Group Meeting 2021

Fall, 2021

  • Xianghong HU. December 16. Invariant causal prediction.

  • Jia ZHAO. December 2. Single-cell data integration. Single-cell ATAC-seq (scATAC-seq) measures chromatin accessibility, while single-cell RNA-seq (scRNA-seq) provides the expression profiles of individual cells. Integrating these different modalities offers opportunities to gain a comprehensive understanding of diverse cellular behaviors. In this group meeting, we first discussed a recently developed integration method, scJoint, which takes advantage of the well-annotated scRNA-seq datasets to generate cell type annotations for unlabeled scATAC-seq data with high accuracy. Then, we talked about Portal’s capability of integrating scATAC-seq and scRNA-seq data. Finally, through real-data experiments, we showed that Portal had a better alignment performance compared to scJoint, owing to its specific model and algorithm designs.

  • Jiashun XIAO. November 25. Spatial transcriptome and detection of spatial expression patterns.
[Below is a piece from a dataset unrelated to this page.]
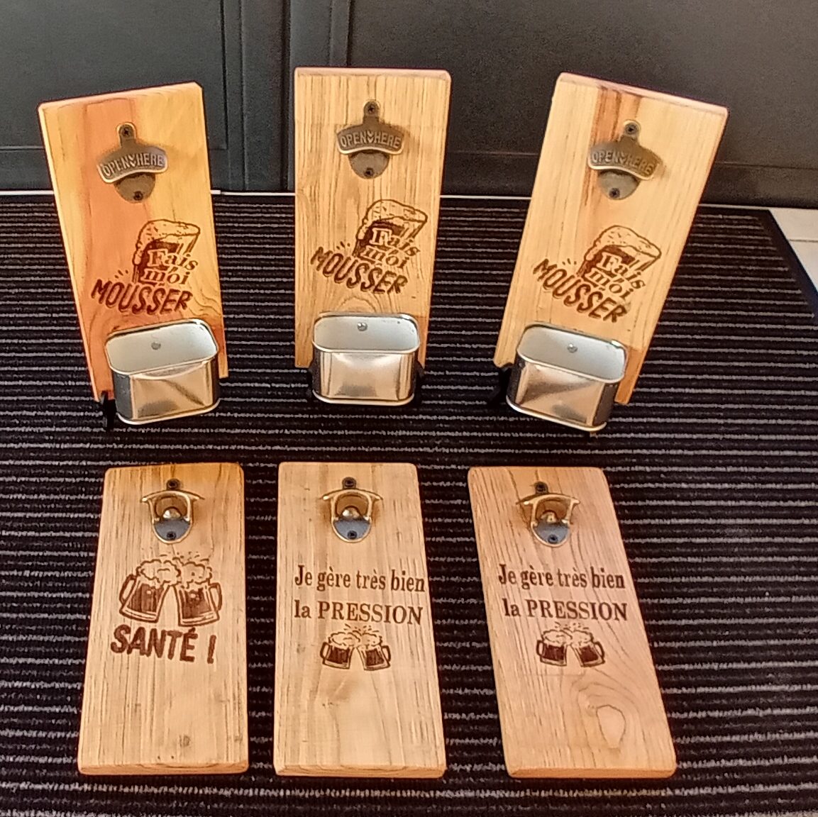 J’ai fabriqué des décapsuleurs muraux avec des chutes de bardage de châtaigner (issus de la fabrication d’un chalet) et de boîtes de conserves pour récupérer la capsule !

Identifying genes that display spatial expression patterns is a key analytic task in spatial transcriptomic studies. In this group meeting, we first reviewed the development of transcriptomic and spatial transcriptomic technology. Next, we discussed two advanced methods, SPARK and SPARK-X, that apply score test and covariance test to detect spatial expression patterns, respectively. Finally, we conducted a series of simulation experiments to compare their performance in power and type I error control.

  • Gefei WANG. November 18. Introduction to score-based generative models. Score-based generative models, or diffusion models, are a category of deep generative models that has achieved state-of-the-art generating results on many image benchmarks. In this group meeting, we reviewed several representative score-based methods including denoising diffusion probabilistic models and SDE-based models, and discussed the connection among those methods. Besides, we also talked about existing and potential applications of score-based models.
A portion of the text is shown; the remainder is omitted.